"De-Labour-ising" Labour?

Submitted by Matthew on 29 April, 2010 - 12:35 Author: Martin Thomas

“The ultimate fulfilment of the New Labour mission.” BBC political reporter Nick Robinson says: “That is how one senior Labour figure described... the prospect of a Lib/Lab deal in the event of a hung Parliament.”

According to Patrick Wintour in the Guardian of 20 April: “Beneath the dispute is a concern that some figures are using Labour’s campaign as a vehicle to bring about the formation of a progressive coalition between Labour and the Liberal Democrats.

“Some cabinet members were deeply concerned...”

In the late 1990s, as Blair pushed through his “coup” in the Labour Party, it was often remarked — and without Blair and his friends contradicting it — that his aim was to reverse the historical step forward through which the British labour movement made between 1900 and 1918.

In those years, the trade unions and the socialist groups formed a Labour Party — at first a satellite of the Liberal Party which had been allowing a few trade-unionists to stand for Parliament under its banner — and built it up to a point where it contested elections without a formal alliance with the Liberals.

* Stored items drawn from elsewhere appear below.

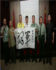毛主席的秘书、保健医生、名誉院长王鹤滨亲笔题写毛院书画院院名,并和院长邱锋合影
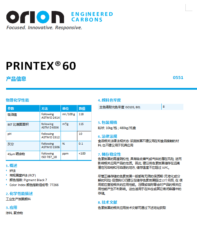 歐勵隆特種炭黑,PRINTEX 60,德固賽炭黑色素
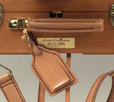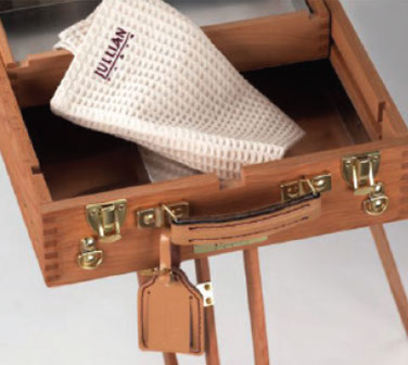 The Original Jullian® Full-Size French Sketchbox Easel is crafted of naturally dried Beechwood with a beautiful mahogany-toned finish and detailed in brass-plated hardware. This easel features the exclusive Jullian® locking system with locking top drawer, as well as adjustable telescoping legs with retractable spikes for stability in plein air use. This lightweight, versatile easel can be used as a table top easel or wet canvas carrier. A convenient backpack-style carrying case and genuine leather strap and tag holder are also included.

Blair didn’t push things as far as fully “reversing” the Labour Party back into the Liberals. He found he didn’t need to, he wasn’t confident enough to do it — whatever, he didn’t go that far.

Some of the most outspoken advocates in the late 1990s of “de-Labour-ising” Labour, like Stephen Byers, are now out of politics or more marginalised in the Labour Party. But some, evidently, are still “senior Labour figures”.

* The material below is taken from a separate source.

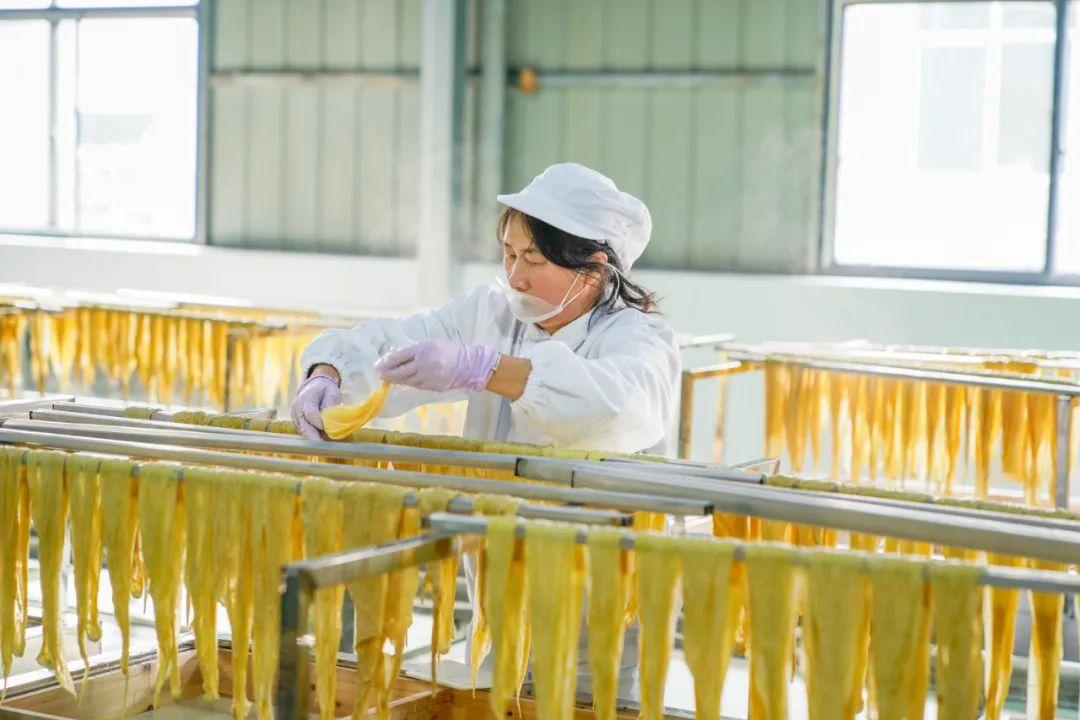 “目前,加工廠已有生產流水線3條、蒸煮車間1個、烘烤車間1個,生產的多道工序已實現半機械化生產,大大地提高了制作腐竹的效率和質量。” 腐竹加工廠負責人楊林均說。 盤活閑置資產, 在幫助村民鼓起“錢袋子”的同時, 也讓村集體經濟發展 變得更有“錢景”。 目前,腐竹加工廠每日的產量可達200余斤,年產值可達100萬元,主要銷往周邊縣區以及福州、泉州等地,可以增加村集體收入約2萬元,為附近村民“家門口”就業提供崗位。

They may have in mind a full merger of Labour and the Lib-Dems, like the merger in Italy in which the rump of the old Communist Party merged with the Margherita (Daisy) splinter of the old Christian Democrat party, or a long-term alliance, like that in Australia between the two conservative parties, Liberals and Nationals.

Either way, “concern”, to put it at the mildest, is certainly in order. Let’s hear some trade union leaders express it in public, as well as “some cabinet members” in backroom conversation with the Guardian.